Return the data exactly, without pictures.

Source records:
· · · · · · ·

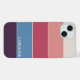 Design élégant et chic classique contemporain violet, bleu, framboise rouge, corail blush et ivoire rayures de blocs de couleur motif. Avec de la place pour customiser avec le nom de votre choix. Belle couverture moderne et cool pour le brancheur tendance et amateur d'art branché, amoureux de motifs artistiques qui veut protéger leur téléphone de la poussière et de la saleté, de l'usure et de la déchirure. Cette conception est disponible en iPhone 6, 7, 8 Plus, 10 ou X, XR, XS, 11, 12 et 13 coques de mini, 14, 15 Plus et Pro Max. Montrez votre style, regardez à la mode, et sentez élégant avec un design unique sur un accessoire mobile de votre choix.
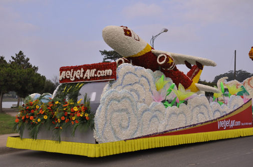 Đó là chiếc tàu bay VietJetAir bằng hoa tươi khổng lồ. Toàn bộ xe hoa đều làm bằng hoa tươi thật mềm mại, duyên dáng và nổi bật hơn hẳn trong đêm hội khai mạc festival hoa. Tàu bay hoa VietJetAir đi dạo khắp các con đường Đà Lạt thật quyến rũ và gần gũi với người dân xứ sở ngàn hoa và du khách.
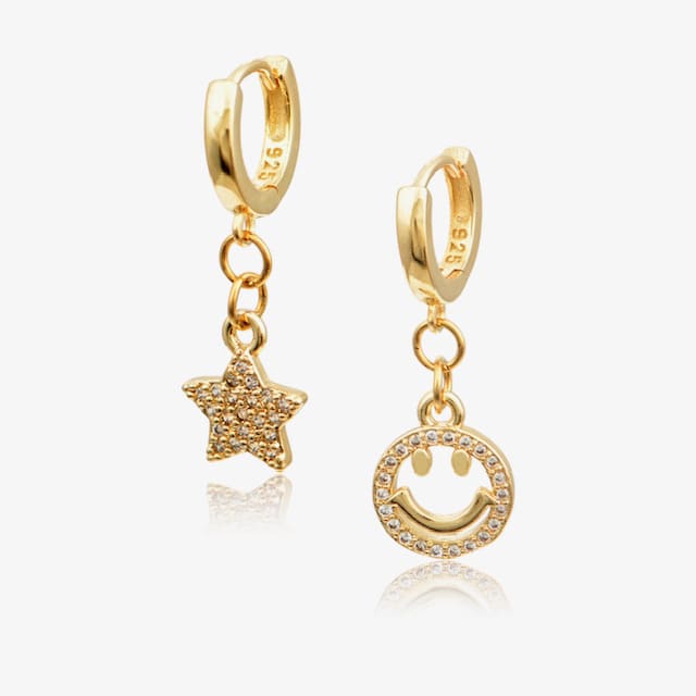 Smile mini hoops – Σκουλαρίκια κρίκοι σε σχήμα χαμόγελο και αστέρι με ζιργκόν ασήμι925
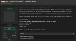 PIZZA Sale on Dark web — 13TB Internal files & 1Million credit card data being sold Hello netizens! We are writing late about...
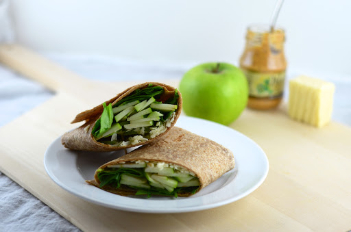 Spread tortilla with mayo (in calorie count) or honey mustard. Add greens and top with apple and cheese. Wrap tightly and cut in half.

· · · · · · ·

- Solved problem:
 Design élégant et chic classique contemporain violet, bleu, framboise rouge, corail blush et ivoire rayures de blocs de couleur motif. Avec de la place pour customiser avec le nom de votre choix. Belle couverture moderne et cool pour le brancheur tendance et amateur d'art branché, amoureux de motifs artistiques qui veut protéger leur téléphone de la poussière et de la saleté, de l'usure et de la déchirure. Cette conception est disponible en iPhone 6, 7, 8 Plus, 10 ou X, XR, XS, 11, 12 et 13 coques de mini, 14, 15 Plus et Pro Max. Montrez votre style, regardez à la mode, et sentez élégant avec un design unique sur un accessoire mobile de votre choix.
 Đó là chiếc tàu bay VietJetAir bằng hoa tươi khổng lồ. Toàn bộ xe hoa đều làm bằng hoa tươi thật mềm mại, duyên dáng và nổi bật hơn hẳn trong đêm hội khai mạc festival hoa. Tàu bay hoa VietJetAir đi dạo khắp các con đường Đà Lạt thật quyến rũ và gần gũi với người dân xứ sở ngàn hoa và du khách.
 Smile mini hoops – Σκουλαρίκια κρίκοι σε σχήμα χαμόγελο και αστέρι με ζιργκόν ασήμι925
 PIZZA Sale on Dark web — 13TB Internal files & 1Million credit card data being sold Hello netizens! We are writing late about...
 Spread tortilla with mayo (in calorie count) or honey mustard. Add greens and top with apple and cheese. Wrap tightly and cut in half.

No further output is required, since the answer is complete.